4. Aux termes de l’article R. 421-1 du code de justice administrative : « La juridiction ne peut être saisie que par voie de recours formé contre une décision, et ce, dans les deux mois à partir de la notification ou de la publication de la décision attaquée. () ». Aux termes de l’article R. 421-2 du même code : « Sauf disposition législative ou réglementaire contraire, dans les cas où le silence gardé par l’autorité administrative sur une demande vaut décision de rejet, l’intéressé dispose, pour former un recours, d’un délai de deux mois à compter de la date à laquelle est née une décision implicite de rejet. Toutefois, lorsqu’une décision explicite de rejet intervient avant l’expiration de cette période, elle fait à nouveau courir le délai de recours. / La date du dépôt de la demande à l’administration, constatée par tous moyens, doit être établie à l’appui de la requête. () »
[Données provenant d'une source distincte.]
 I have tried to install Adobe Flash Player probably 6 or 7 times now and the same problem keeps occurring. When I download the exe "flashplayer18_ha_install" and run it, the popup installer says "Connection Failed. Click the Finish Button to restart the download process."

5. En l’espèce, si les requérants sollicitent la suspension d’un « refus de mise à l’abri dans le cadre de l’hébergement d’urgence pris () par le préfet du Bas-Rhin, matérialisé par l’absence de solution proposée suite aux appels 115, par le refus opposé verbalement le 11 février 2025 et confirmé par l’absence de réponse au courriel du 14 février 2025 », ils n’établissent pas l’existence d’une décision du préfet du Bas-Rhin, lequel n’a été sollicité que par un courriel du 14 février 2025. Les conclusions à fin de suspension présentées par les requérants sont, par suite et en tout état de cause, irrecevables.
6. Il y a lieu, dès lors, de faire application des dispositions précitées de l’article L. 522-3 du code de justice administrative et de rejeter les conclusions présentées par les requérants au titre de l’article L. 521-1 du code de justice administrative. Il y a également lieu de rejeter, par voie de conséquence, leurs conclusions à fin d’injonction, ainsi que leurs conclusions présentées sur le fondement de l’article L. 761-1 du code de justice administrative.
O R D O N N E :
Article 1er : La requête de M. C et autres est rejetée.
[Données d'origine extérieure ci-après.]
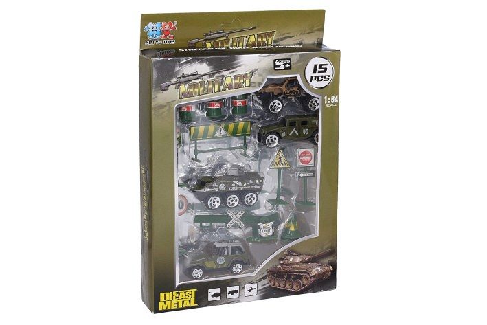 Vojenský set. Velikost dopravních prostředků 7 cm. Volná kola. 4 kovové dopravní prostředky, značky, zábrany, kužely, barely a další. 2 varianty - tank, bugina.

Article 2 : La présente ordonnance sera notifiée à M. A C, à Mme E C, à M. D C, à Mme F C et au préfet du Bas-Rhin.
Fait à Strasbourg, le 31 mars 2025.
La juge des référés,
G. B
La République mande et ordonne au préfet du Bas-Rhin en ce qui le concerne et à tous commissaires de justice à ce requis en ce qui concerne les voies de droit commun contre les parties privées de pourvoir à l’exécution de la présente ordonnance.